Normal function against infectious agents is based on how the immune system achieves self/non-self discrimination, which remains a central conundrum in Immunology (1). What is “self” and what is “foreign”, as seen by the immune system, determines how the immune system discriminates self from non-self. In this regard, the pioneering work of Burnet and Medawar suggested that the definition of self versus non-self is arbitrary to the immune system because foreign antigens presented during fetal life are thereafter considered self (2, 3). Moreover, it is known that all T cells are selfreferential in the sense that they are positively selected for survival on self-peptide/s bound to MHC molecules during thymic positive selection (4-7) before thymic negative selection, in which thymocytes expressing TCR of high avidity to the majority of self-antigens are deleted (8-10).
It is generally accepted that thymic negative selection eliminates the “imminent danger” of pathogenic autoimmunity in the periphery and is the major mechanism of self-tolerance. However, while releasing the “innocent” self-reactive T cells with low avidity, thymic negative selection also allows a large fraction of self-reactive T cells with “higher” or “intermediate” avidity to be released into the periphery under normal circumstances (11-13). The existence of the “intermediate avidity” self-reactive T cells in the periphery represents a “potential danger” of pathogenic auto-immunity inherited in each individual because these T cells can often be activated when they encounter self-peptides presented at a sufficient level and some may differentiate into potentially pathogenic effector cells to initiate an autoimmune disease (13-16). Self/non-self discrimination must continue in the periphery after thymic negative selection and one of the major functions of peripheral regulatory mechanisms is to selectively down-regulate immune responses to self-antigens without damaging the normal responses to foreign pathogens to maintain self-tolerance (17).
How does the immune system discriminate self from non-self in the periphery? Since self/non-self discrimination initiated during thymic negative selection is based on the avidity of thymocyte activation (8-10) and a large fraction of self-reactive T cells escape thymic negative selection (11-13), it is crucial to understand how the resultant peripheral T cell repertoire is regulated to complete self non-self discrimination initiated by thymic negative selection in order to maintain self-tolerance. In this regard, we have proposed and tested an “Avidity Model of Peripheral T Cell Regulation” in which self non-self discrimination can be achieved in the periphery via selective down-regulation of intermediate avidity T cells, to both self and foreign antigens, by Qa-1/HLA-E restricted CD8+ T cells (18, 19). Since the potentially pathogenic self-reactive T cells are included in the intermediate avidity T cell pool, selective down-regulation of intermediate avidity T cells can directly control autoimmune disease. On the other hand, the unified mechanism of selective down-regulation of intermediate avidity T cells does not inhibit immunity largely to foreign infectious agents or alloantigens mediated by high avidity T cells, simply because the high avidity T cells are not subject to this down-regulation. Thus, by a unified and simple mechanism, the immune system could accomplish self non-self discrimination in the periphery to specifically maintain self-tolerance without paying the price of dampening anti-infection and anti-tumor immunity.

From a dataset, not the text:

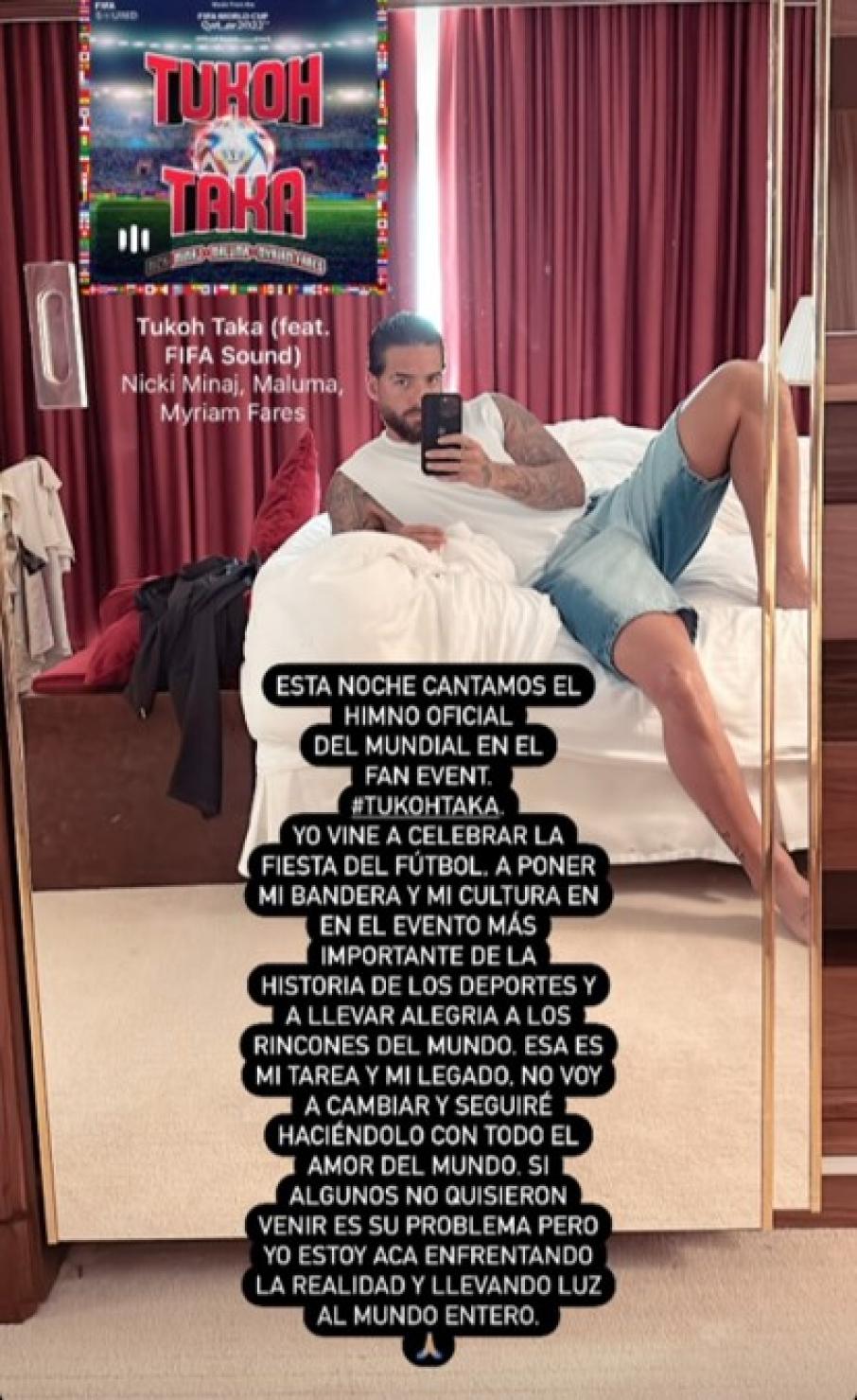 “Yo vine a celebrar la fiesta del fútbol, a poner mi bandera y mi cultura en el evento más importante de la historia de los deportes”, escribió Maluma, quien además dejó claro que: “no voy a cambiar y seguiré haciéndolo con todo el amor del mundo. Si algunos no quisieron venir es su problema, pero yo estoy acá enfrentando la realidad y llevando luz al mundo entero”, concluyó.

The concept that perceiving the avidity of T cell activation can be translated into peripheral T cell regulation is the essence of the “Avidity Model”. The cellular mechanism that defines how perceiving the avidity of T cell activation is translated into peripheral T cell regulation and the molecular structures recognized by regulatory T cells that enable them to discriminate self from non-self in the periphery are the key issues of the regulatory T cell biology. In this regard a surrogate target structure (Qa-1/Hsp60sp) was recently identified which is specifically recognized by the Qa-1 restricted CD8+ T cells (1). The common surrogate target structure, the Qa-1/Hsp60sp complex, is only preferentially expressed at a higher level on the intermediate, but not high and low, avidity T cells, as a biological consequence of T cell activation (1). Thus, at a biological system level, by specific recognition of the common target structures expressed on the intermediate avidity T cells, the immune system is able to achieve the goal of self non-self discrimination in the periphery by perceiving the avidity of T cell activation.
The biggest difficulty in transplant medicine is the reaction of the immune system to the foreign organ, termed rejection. Conventionally, recipients of a transplanted organ must indefinitely take immunosuppressive medications to fight rejection, which are both prone to failure and leave the patient at high risk of infection. The invention disclosed herein provides a novel treatment strategy of inducing permanent tolerance of the transplanted organ without long term use of immunosuppressive drugs which incorporates the avidity model.